Rayman · 2019-12-19 19:35

wonder if you could rdlong ptra[1], rdlong ptrb[1] to get the next values in between qrotate and getqx…

cgracey · 2019-12-19 19:58

Rayman wrote: »

wonder if you could rdlong ptra[1], rdlong ptrb[1] to get the next values in between qrotate and getqx...

We could read 16 pairs at a time and then stuff the CORDIC pipeline.

This FFT does the following-sized runs of rotations and adds/subs on contiguously-placed coordinate pairs:

512
256
128
64
32
16
8
4
2
1

So, if we hard-coded 16 rotations+adds/subs, the extra operations just wouldn't be saved in the last four runs of 8, 4, 2, and 1. That would speed things way up and not waste much time.

Rayman · 2019-12-19 20:31

Not sure if this is the right place, but I had a question about your FFT demo on the Chat yesterday...

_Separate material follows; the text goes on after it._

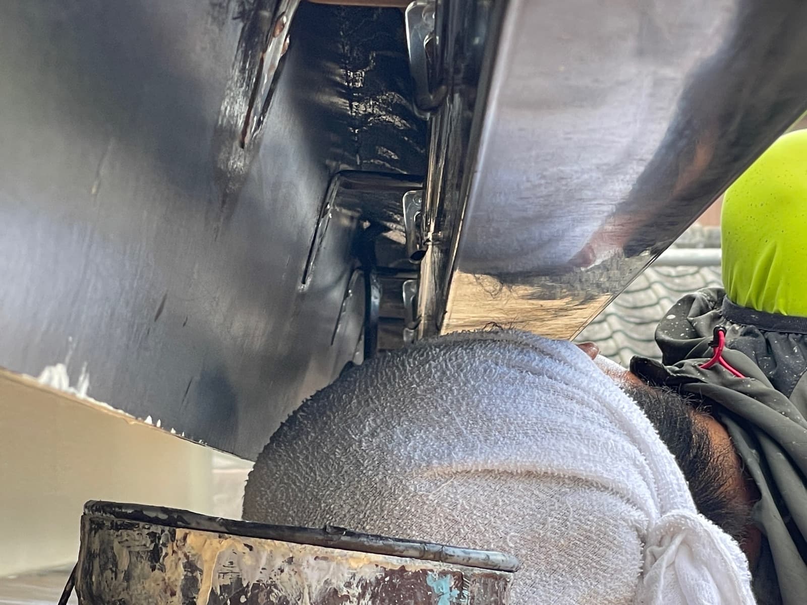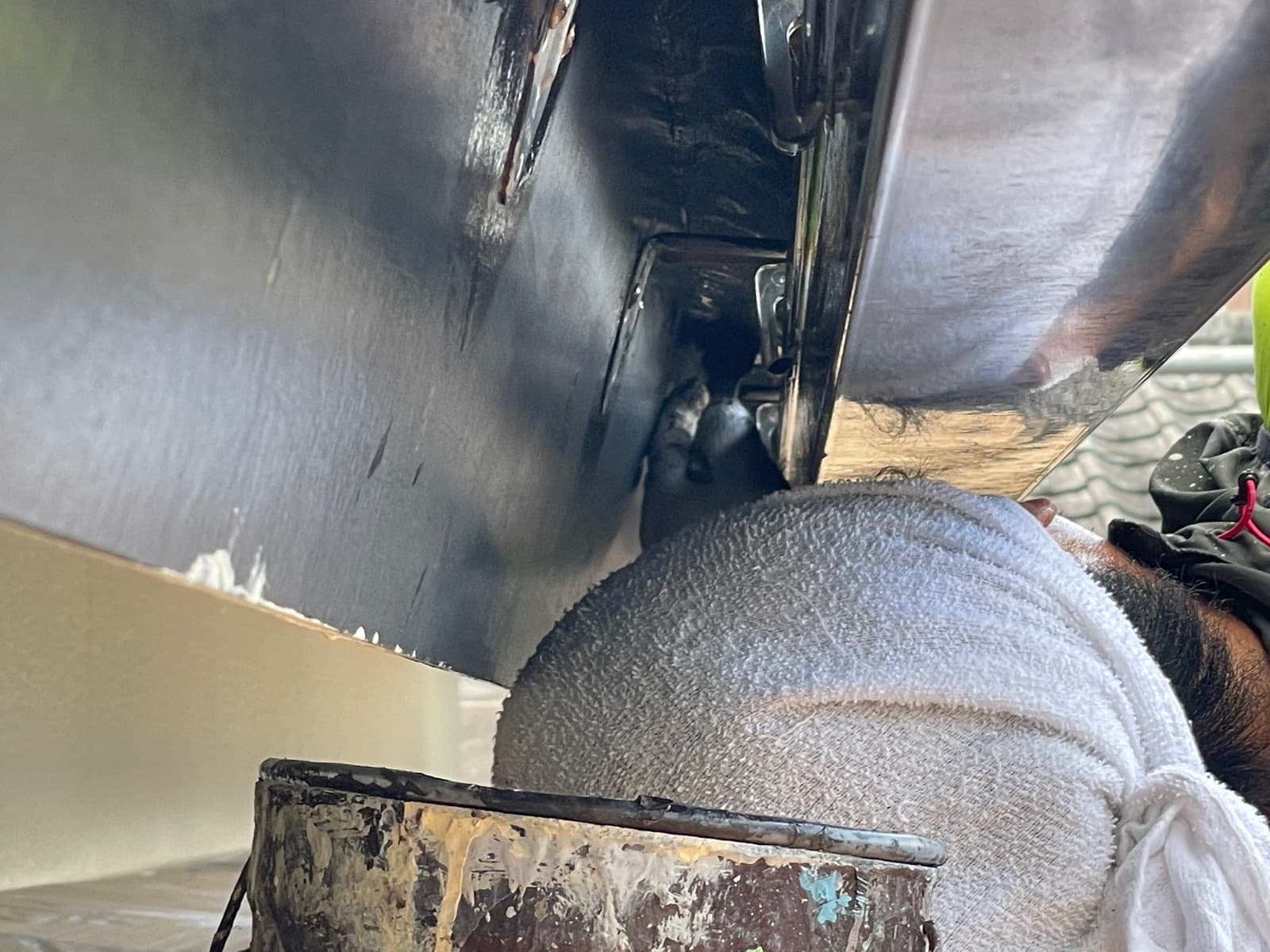 狭小部ですが、刷毛を使って細かく塗装を行っております!

Looks like you are coupling the microphone input just through a cap to a prop2 pin, as you said.

But, don't you need to bias the pin at Vdd/2 for that to work right?
Seems to me the bias level would float around, potentially causing the peaks or valleys to get clipped...

cgracey · 2019-12-19 20:35

Rayman wrote: »

Not sure if this is the right place, but I had a question about your FFT demo on the Chat yesterday...

Looks like you are coupling the microphone input just through a cap to a prop2 pin, as you said.

But, don't you need to bias the pin at Vdd/2 for that to work right?
Seems to me the bias level would float around, potentially causing the peaks or valleys to get clipped...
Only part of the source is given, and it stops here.